▸ **What you are asked to do**:
Return the lines of the data below starting at the one holding "and granite countertops." and ending at the one holding "7pc Vintage England", word for word, leaving every picture out.

▸ **Exercise inputs**:

════════════════

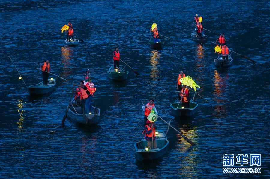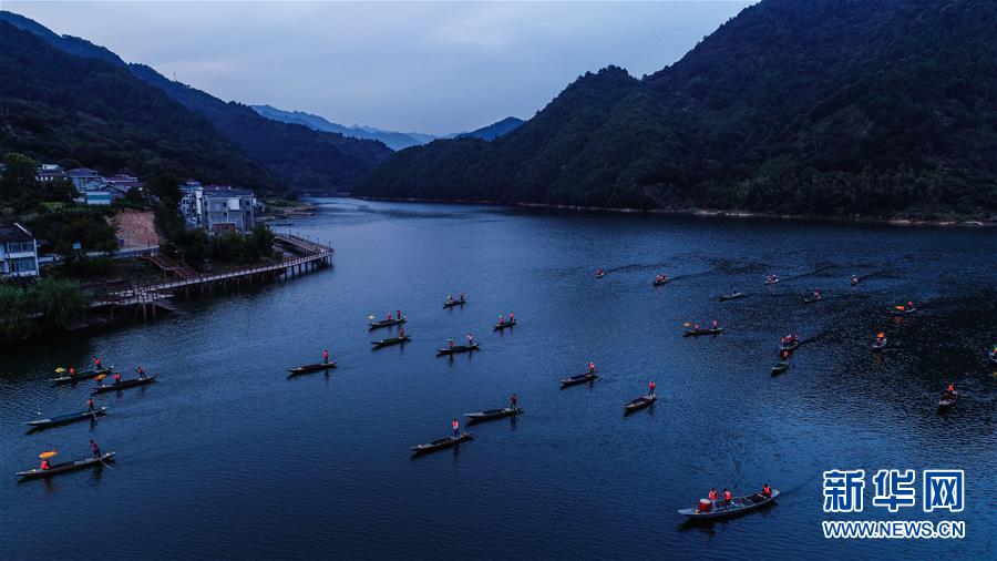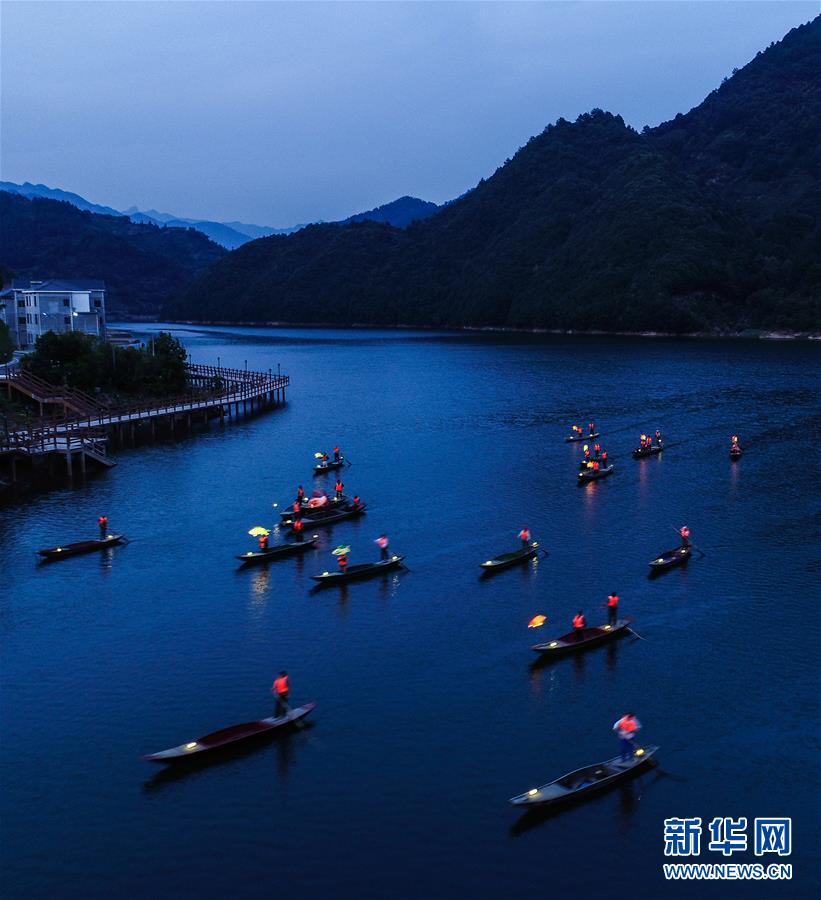 9月25日,在宋村鄉(xiāng)云源港的水面上,漁民劃著漁船,船頭點亮漁燈,構(gòu)成一幅“漁舟唱晚、萬家燈火”的美麗圖景(無人機拍攝)。 近年來,浙江省杭州市淳安縣宋村鄉(xiāng)積極發(fā)展鄉(xiāng)村旅游,打造漁家元素特色景觀,助力鄉(xiāng)村振興建設(shè)。目前,宋村鄉(xiāng)依托山水景觀和漁家文化,帶動了當?shù)鼐访袼藓图碁╂宜?、自助燒烤、農(nóng)事體驗、民俗攝影采風為一體的特色旅游發(fā)展。2019年1月初至7月底,全鄉(xiāng)接待游客10萬人次,實現(xiàn)旅游經(jīng)濟收入1300萬元。 新華社記者 徐昱 攝
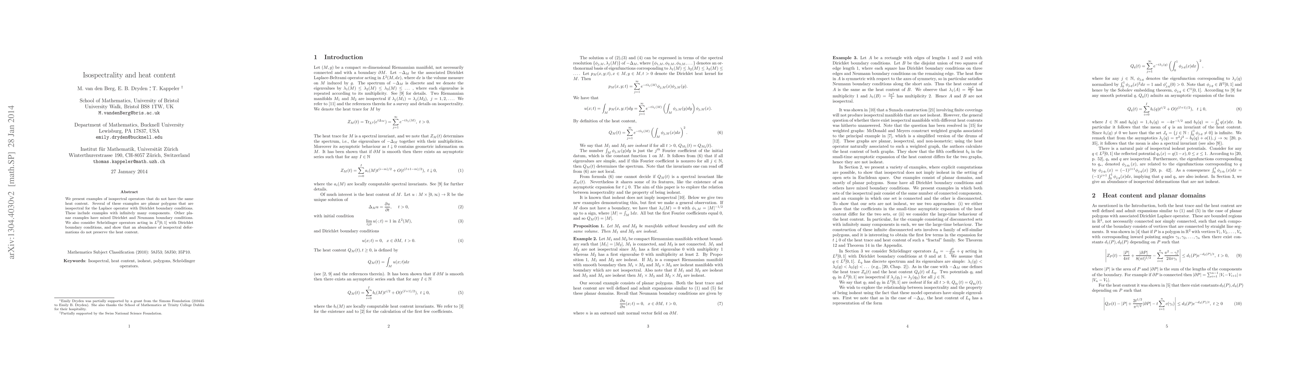 This paper explores isospectral operators that share the same spectrum but differ in heat content, presenting examples of planar polygons and Schrödinger operators where isospectrality does not imply equal heat content, even under various boundary conditions.
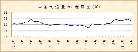 中国物流与采购联合会、国家统计局服务业调查中心发布的2017年4月份中国制造业采购经理指数(PMI)为51.2%,较上月回落0.6个百分点,但仍连续7个月保持在相对较高水平。指数回落,主要受基础原材料行业尤其是高耗能行业明显下降影响,装备制造业、消费品行业稳中有升,高技术产业保持相对较高水平。结合分项指数来看,市场价格回落明显,有利于减轻通胀压力;企业经营活动良好,小企业明显回升;供需增长势头略有回调,但基本面没有明显改变。总体来看经济运行保持平稳,结构性回调特征明显。
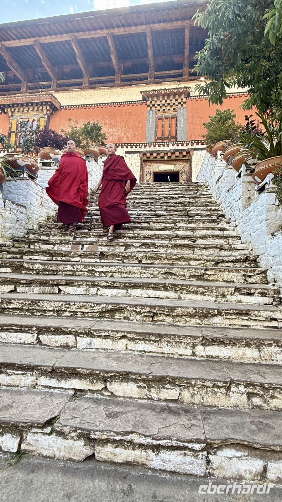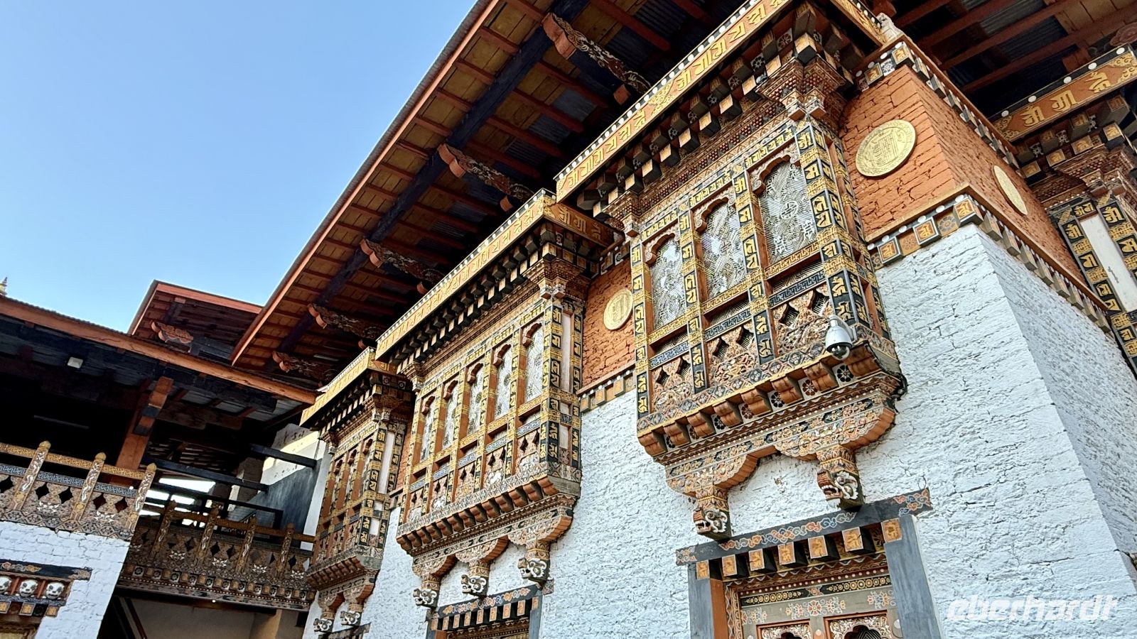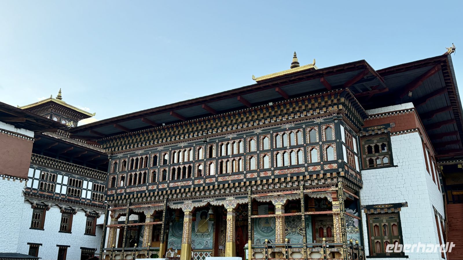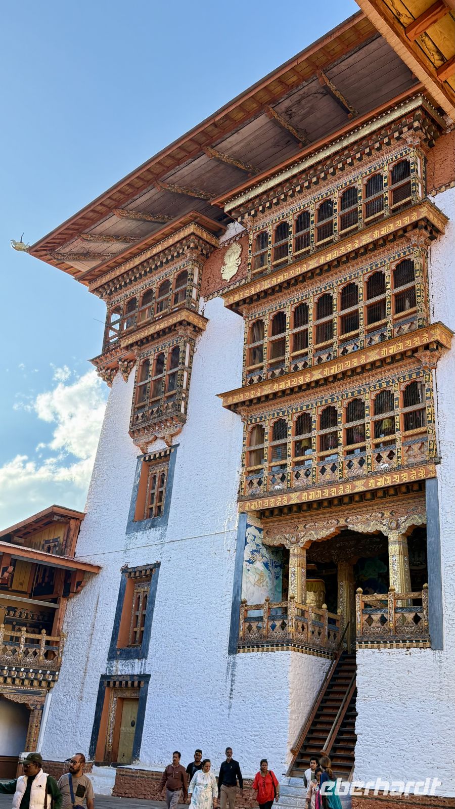 Gut gestärkt machten wir uns danach auf, den Punakha Dzong aus nächster Nähe zu besichtigen. Der Dzong ist eines der ältesten und schönsten Beispiele bhutanischer Klosterarchitektur und dient sowohl als religiöses als auch administratives Zentrum der Region. Er beeindruckt durch seine Größe, seine kunstvollen Innenhöfe, die detailreichen Wandmalereien und die friedliche Atmosphäre, die sowohl Gläubige als auch Besucher spüren können.
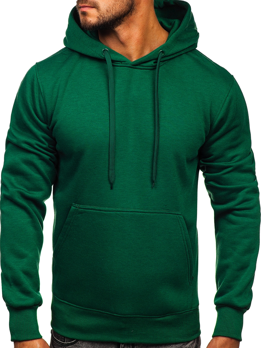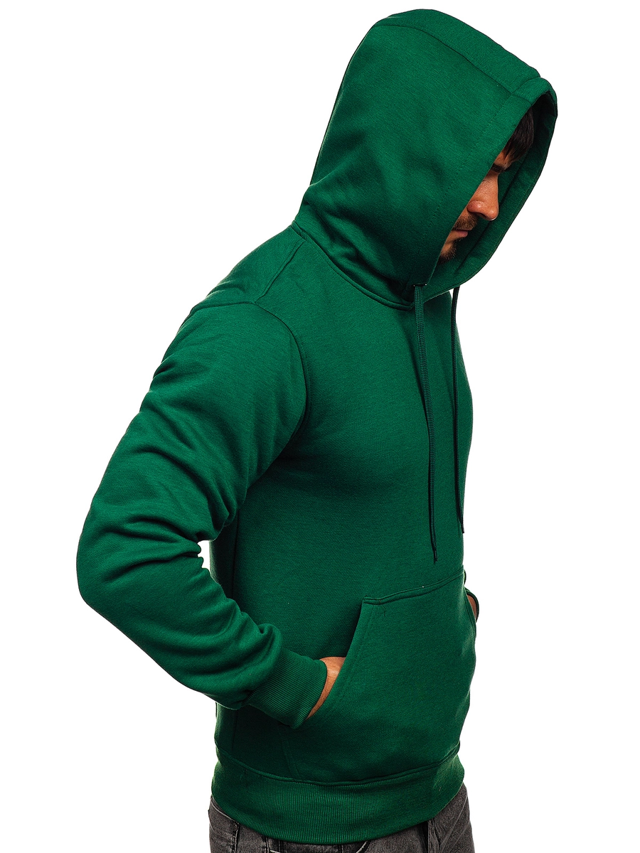 Fantastisk mörkgrön luvtröja för män 2009 från Bolf-kollektionen. Den har justerbar huva och en praktisk känguruficka framtill. Sportig look. Det finns en dragsko justerbar midja och botten. Den är tillverkad i ett mjukt skönt material i en enhetlig färg. Den här modellen kännetecknas av alla färger, den finns i mer än tjugo färgvarianter. Tack vare det är den lätt att matcha till många olika outfits. Passar bra hela året runt. Till många olika tillfällen. Shopping? Avslappning? Till och med för en spontan date passar den bra. Det här plagget passar varje dag, därför är den ett måste ha i varje mans garderob. Snygga färgglada färger. Den passar bra med jeans, cargobyxor eller joggers. Använd med ett par sweatpants eller en lättviktsjacka. Passar perfekt till träningspasset. Den här modellen väljs ofta av våra kunder. Kolla vad denna modell har fått för recensioner av influensers. Den lockar med bra utförande och ett bra pris jämfört med konkurrenterna. Denna sweatshirt har även sin motsvarighet bland dammodellerna, där den också slår rekord i populäritet.
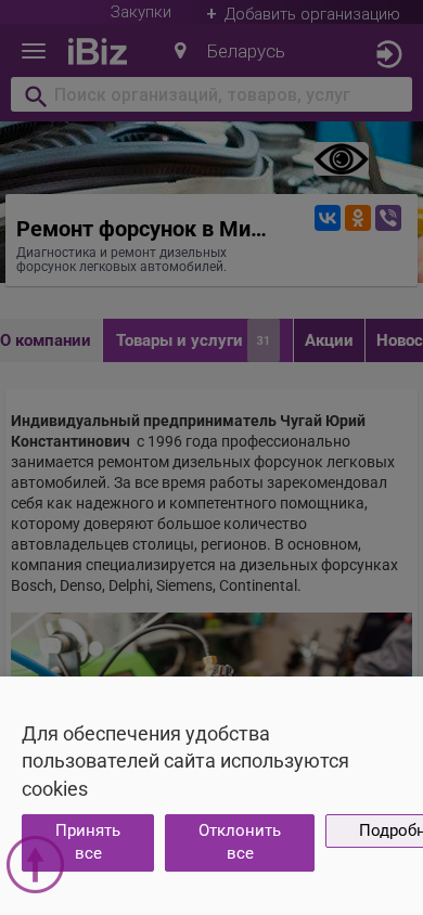 SEO-описание | Ремонт форсунок в Минске ИП Чугай Ю.К. - Диагностика и ремонт дизельных форсунок легковых автомобилей.. Схема проезда, контактные телефоны, адрес компании Ремонт форсунок в Минске ИП Чугай Ю.К.. 220034, Минск, , Бядули, 15 |
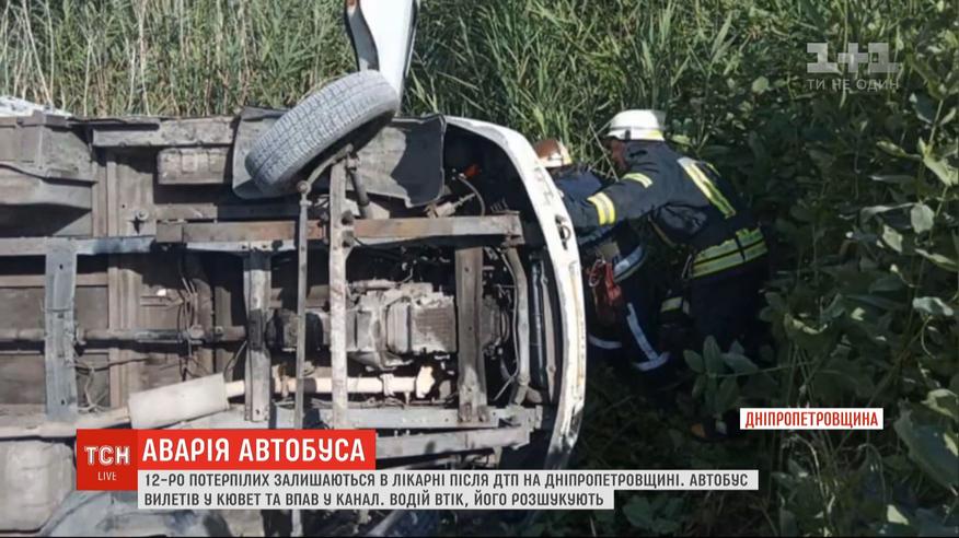 Двенадцать пострадавших остаются в больнице после ДТП в Каменском Днепропетровской области. Накануне на междугородной трассе рейсовый автобус вылетел в кювет и перевернулся, в медучреждение госпитализированы полтора десятка человек. Одна из пассажирок в очень тяжелом состоянии. Водитель скрылся с места аварии, его разыскивают. Подробности - в сюжете.
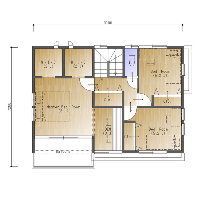 二階は三部屋。書斎のある8帖の主寝室には、2帖のウォークインクロゼットが二つあり、夫婦で使い分けることができます。
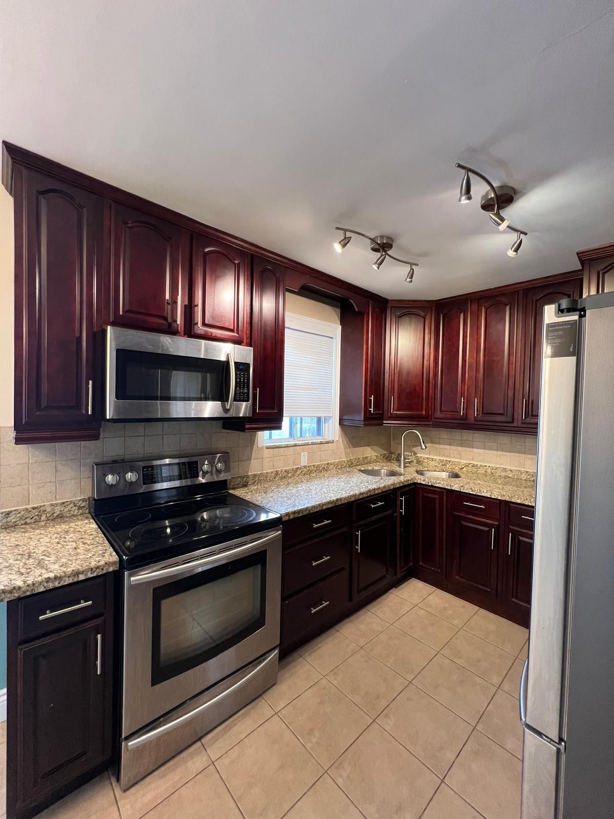 • Modern kitchen with stainless steel appliances and granite countertops.
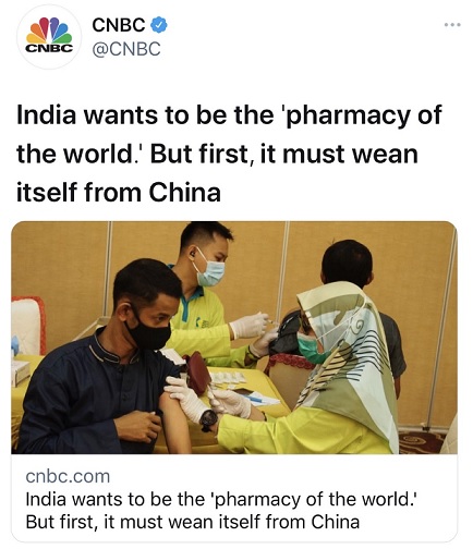 但印度规模420亿美元的制药行业,严重依赖中国的关键活性药物成分或原料药(API)。
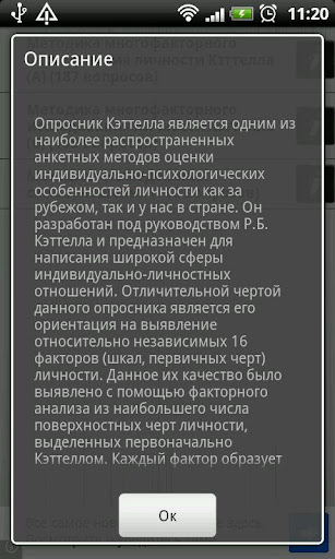 Вашему вниманию предоставляются "Профессиональные психологические тесты"! Данные тесты составленные профессиональными психологами. Психологические тесты позволят Вам лучше узнать психологическое состояние себя и своих близких. Качество теста обеспечивается многоступенчатой процедурой проверки и стандартизации его шкал. В приложении присутствуют следующие психологические тесты, методики и опросники есть:
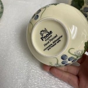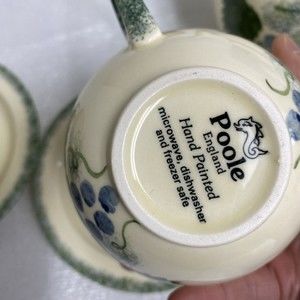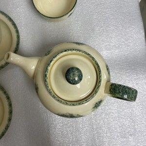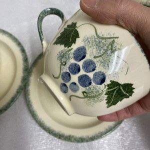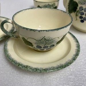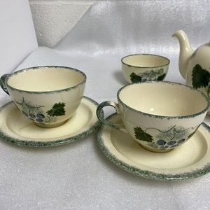 7pc Vintage England Handpaint Poole Pottery Green Vineyard Grape Teapot cup set. These are beautiful sets. Tea pot / coffee pot, tea cup / coffee cup with saucer and a sugar bowl
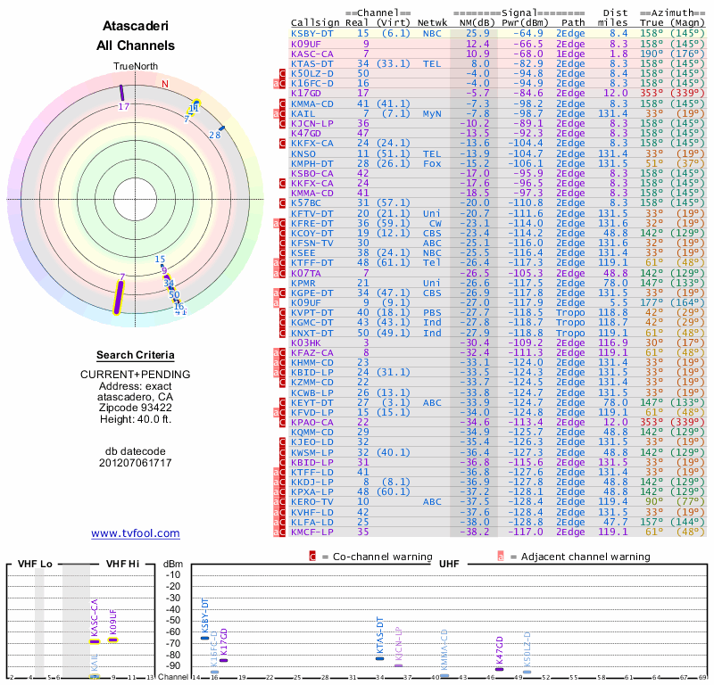 Here are the results for your location. The transmitter database was last updated on June 7, 2013. For more information about these plots and how to interpret them, please check out the Signal Analysis FAQ.

════════════════

▸ **Answer box**:
 • Modern kitchen with stainless steel appliances and granite countertops.
 但印度规模420亿美元的制药行业,严重依赖中国的关键活性药物成分或原料药(API)。
 Вашему вниманию предоставляются "Профессиональные психологические тесты"! Данные тесты составленные профессиональными психологами. Психологические тесты позволят Вам лучше узнать психологическое состояние себя и своих близких. Качество теста обеспечивается многоступенчатой процедурой проверки и стандартизации его шкал. В приложении присутствуют следующие психологические тесты, методики и опросники есть:
 7pc Vintage England Handpaint Poole Pottery Green Vineyard Grape Teapot cup set. These are beautiful sets. Tea pot / coffee pot, tea cup / coffee cup with saucer and a sugar bowl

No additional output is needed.